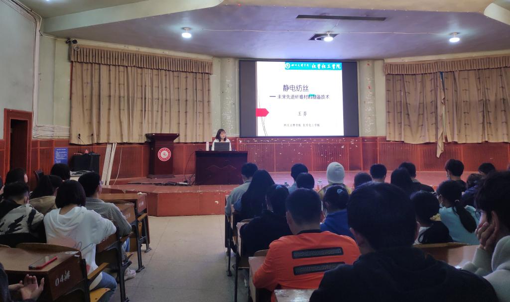 2021330日晚,365英国上市官方网站王芬教授在南坝校区学术报告厅作题为《静电纺丝未来先进纤维材料制备技术》的学术讲座。国家城市污水处理及资源化工程技术研究中心川东分中心办公室主任胡涛主持讲座,365英国上市官方网站师生200余人参加了讲座。
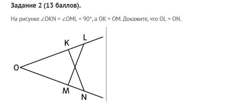 На рисунке ∠OKN = ∠OML = 90°, а OK = OM. Докажите, что OL = ON.
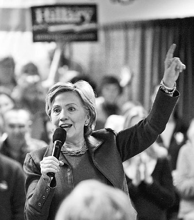 ■希拉莉前日在艾奧瓦州的學校(圖)、消防局等四出拉票。法新社
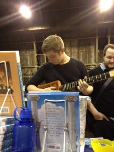 a fan trying out one of Tim's dad's way-cool cigar box guitars.
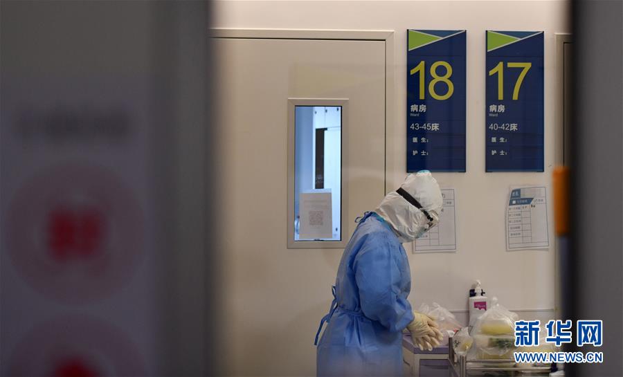 5月11日,在空港医院隔离病房,身处“红区”的护士准备给处在医学观察的人员送饭。新华社记者 李然 摄
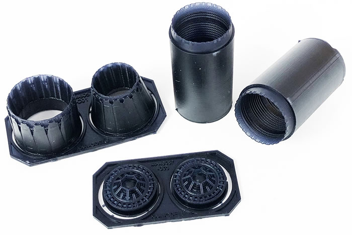 Six grey resin printed parts. |
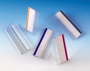 Pussissa mukana 10 otsakekilpeä ja värikoodattua kartonkiliuskaa (toinen puoli valkoinen). Leveys 50 mm.
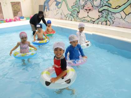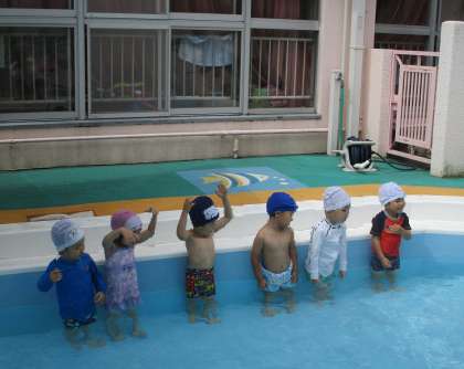 3歳児ひよこ組はプールの中で、体に水をかけたり、先生と一緒に電車ごっこで水の中をお散歩をしたり、プールの端から端を「よーいどん」と元気いっぱい走ったり・・・と水に親しんで遊ぶ楽しさを味わっています!
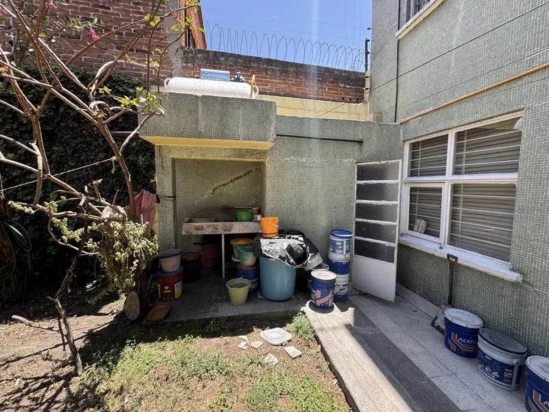 Casa con dos frentes. Con 347m2 de terreno y 343m2 de construcción encontramos una propiedad en excelente estado de conservación con amplios espacios para remodelar a tu gusto. Distribuida en 3 niveles En planta baja encontramos un amplia sala comedor. Cocina cerrada con atencomedor y gran espacio de alacena. Una habitación con baño completo y clóset. Un despacho En primer nivel encontramos la recámara principal con un gran baño con tina Dos recámaras adicionales que comparten baño Un estudio Un patio En el tercer nivel hay dos cuartos de servicio, Con baño completo Dos bodegas y un lavadero. Gas estacionario Cisterna 5,000litros Jardín de aproximadamente 100metros Dos lugares de estacionamiento techado Excelente terreno con uso de suelo Habitacional* Densidad Z Vías principales Andrés Molina Enríquez, Viaducto Rio de la Piedad, Calz. De la Viga, Plutarco Elías Calles, Coruña. Metro la Viga a 6 cuadras.
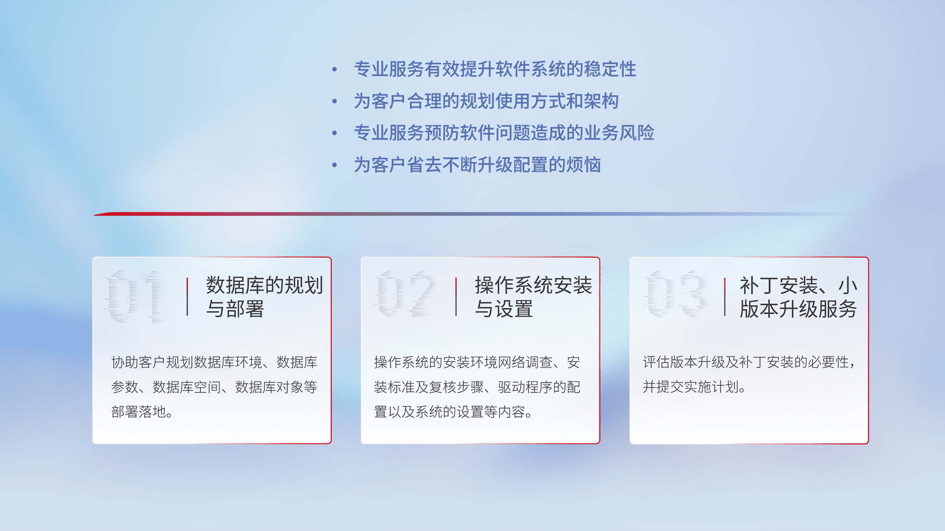 为客户提供软件规模升级、、、、快速部署、、、、按需配置的专业服务,,从数据库的规划与部署到操作系统的安装与设置,,再到补丁安装和小版本升级提供支持。。
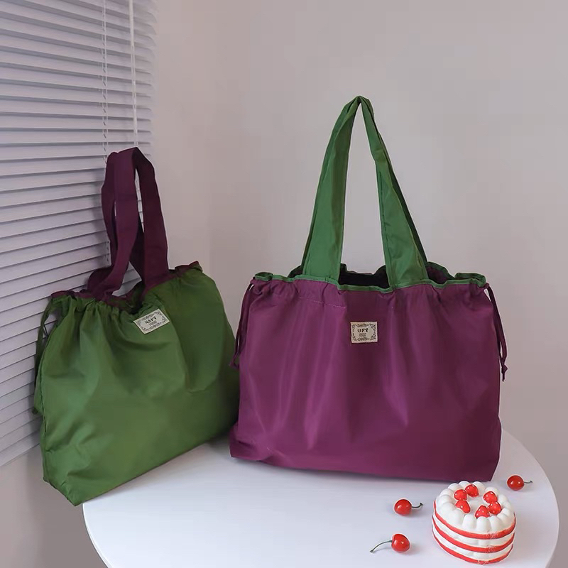 Received within 3 days of purchase. Good nylon quality, able to hold onto my groceries. Drawstrings help to keep the items inside in place. Highly recommend.
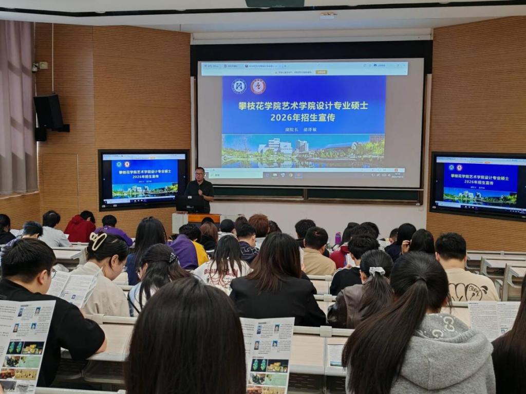 10月11日上午,攀枝花学院艺术学院副院长蒲泽敏赴成都工业学院开展设计专业硕士招生宣讲,会议由成都工业学院人文与设计学院副院长党锐主持,他对蒲泽敏副院长一行的到来表示感谢,并寄语在场60余名设计本科专业考研意向同学把握机会,合理规划考研方向。
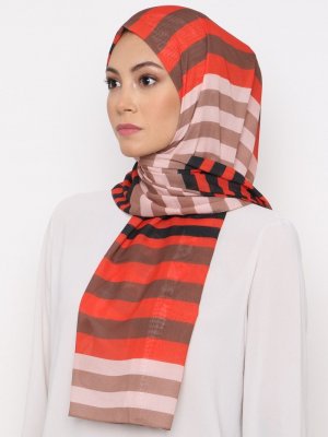 Burden İpek Taba Çizgili Desen Şifon Şal

----------------------------------------

Exercise ▸ Return the data exactly. Pictures stay out.

Finished task ▸
 2021330日晚,365英国上市官方网站王芬教授在南坝校区学术报告厅作题为《静电纺丝未来先进纤维材料制备技术》的学术讲座。国家城市污水处理及资源化工程技术研究中心川东分中心办公室主任胡涛主持讲座,365英国上市官方网站师生200余人参加了讲座。
 На рисунке ∠OKN = ∠OML = 90°, а OK = OM. Докажите, что OL = ON.
 ■希拉莉前日在艾奧瓦州的學校(圖)、消防局等四出拉票。法新社
 a fan trying out one of Tim's dad's way-cool cigar box guitars.
 5月11日,在空港医院隔离病房,身处“红区”的护士准备给处在医学观察的人员送饭。新华社记者 李然 摄
 Six grey resin printed parts. |
 Pussissa mukana 10 otsakekilpeä ja värikoodattua kartonkiliuskaa (toinen puoli valkoinen). Leveys 50 mm.
 3歳児ひよこ組はプールの中で、体に水をかけたり、先生と一緒に電車ごっこで水の中をお散歩をしたり、プールの端から端を「よーいどん」と元気いっぱい走ったり・・・と水に親しんで遊ぶ楽しさを味わっています!
 Casa con dos frentes. Con 347m2 de terreno y 343m2 de construcción encontramos una propiedad en excelente estado de conservación con amplios espacios para remodelar a tu gusto. Distribuida en 3 niveles En planta baja encontramos un amplia sala comedor. Cocina cerrada con atencomedor y gran espacio de alacena. Una habitación con baño completo y clóset. Un despacho En primer nivel encontramos la recámara principal con un gran baño con tina Dos recámaras adicionales que comparten baño Un estudio Un patio En el tercer nivel hay dos cuartos de servicio, Con baño completo Dos bodegas y un lavadero. Gas estacionario Cisterna 5,000litros Jardín de aproximadamente 100metros Dos lugares de estacionamiento techado Excelente terreno con uso de suelo Habitacional* Densidad Z Vías principales Andrés Molina Enríquez, Viaducto Rio de la Piedad, Calz. De la Viga, Plutarco Elías Calles, Coruña. Metro la Viga a 6 cuadras.
 为客户提供软件规模升级、、、、快速部署、、、、按需配置的专业服务,,从数据库的规划与部署到操作系统的安装与设置,,再到补丁安装和小版本升级提供支持。。
 Received within 3 days of purchase. Good nylon quality, able to hold onto my groceries. Drawstrings help to keep the items inside in place. Highly recommend.
 10月11日上午,攀枝花学院艺术学院副院长蒲泽敏赴成都工业学院开展设计专业硕士招生宣讲,会议由成都工业学院人文与设计学院副院长党锐主持,他对蒲泽敏副院长一行的到来表示感谢,并寄语在场60余名设计本科专业考研意向同学把握机会,合理规划考研方向。
 Burden İpek Taba Çizgili Desen Şifon Şal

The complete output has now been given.